Он промолчал с выражением суровой торжественности на небритой физиономии.
— За что же вы меня?.. Право, теряюсь в догадках.
— Вы слишком спешите, Николай Степанович, — с победной небрежностью усмехнулся он и пошевелил громоздкий пакет на столе.
Похоже, он давно готовился к своей праведной роли и сейчас играл ее слишком усердно, потому переигрывал.
Мать его, помнится, служила то ли делопроизводителем, то ли инкассатором. Он был единственным сыном, всегда отутюженный, заштопанный, умытый — эдакий наглядный экспонат материнского усердия: «Мы не хуже других». Впрочем, в те годы «не хуже других» стать было не трудно, только-только прошла война, все еще жили впроголодь, одевались не форсисто.
Отец его еще в сорок первом пропал без вести. Таких — не живых и не убитых — в те годы было немало. Редко кто из них возвращался, чаще в военкомате переносили их фамилии в списки погибших, чтоб семья могла получать законную пенсию.
Но вдруг полтора года спустя после окончания войны отец Кропотова объявился в Карасино.
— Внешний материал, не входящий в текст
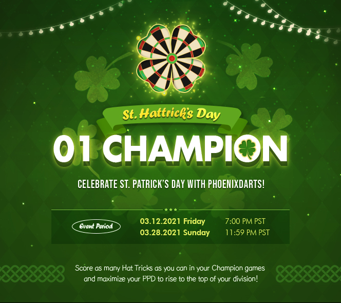 - -Players will earn 1 Raffle Ticket for every 10 Champion games played! 4 Raffle Ticket winners will be drawn after the St. Hattrick’s Day 01 Champion has ended and winners announced on our Facebook page (facebook.com/phoenixdartinc).
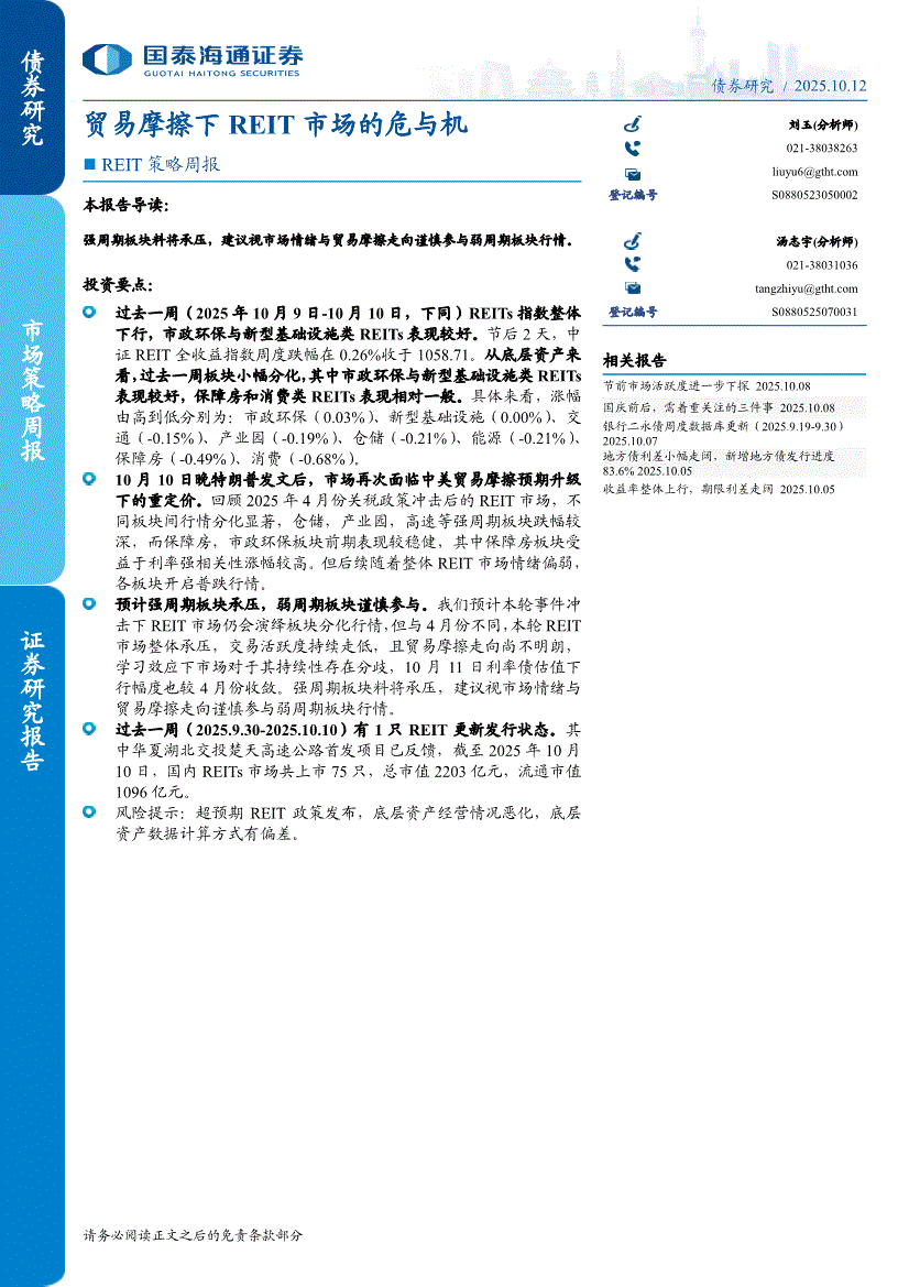 国泰海通证券-REIT策略周报:贸易摩擦下REIT市场的危与机-251012

Он спрятался в доме и не показывался на улице, но досужая молва расписывала его портрет: «Зачервивел, в коросте весь… Стариком выглядит… Из-под Воркуты прибыл, защитничек родины».
Уже не помню, на каком школьном собрании и кто первый выразил недоверие Сергею Кропотову: «Скрывает, что отец его изменник родины, был полицаем у немцев…» Обычно тихий Сергей тут раскричался со слезами на глазах — отец его не изменник, к немцам он попал раненым, он, Сергей Кропотов, гордится своим отцом…
Наш директор школы, монументально величавый старик, занимавший когда-то высокие должности, был по природе человеком очень добрым, умудренно-покладистым, однако весьма осторожным, любил повторять: «В наше горячее время каждый должен быть немного пожарником».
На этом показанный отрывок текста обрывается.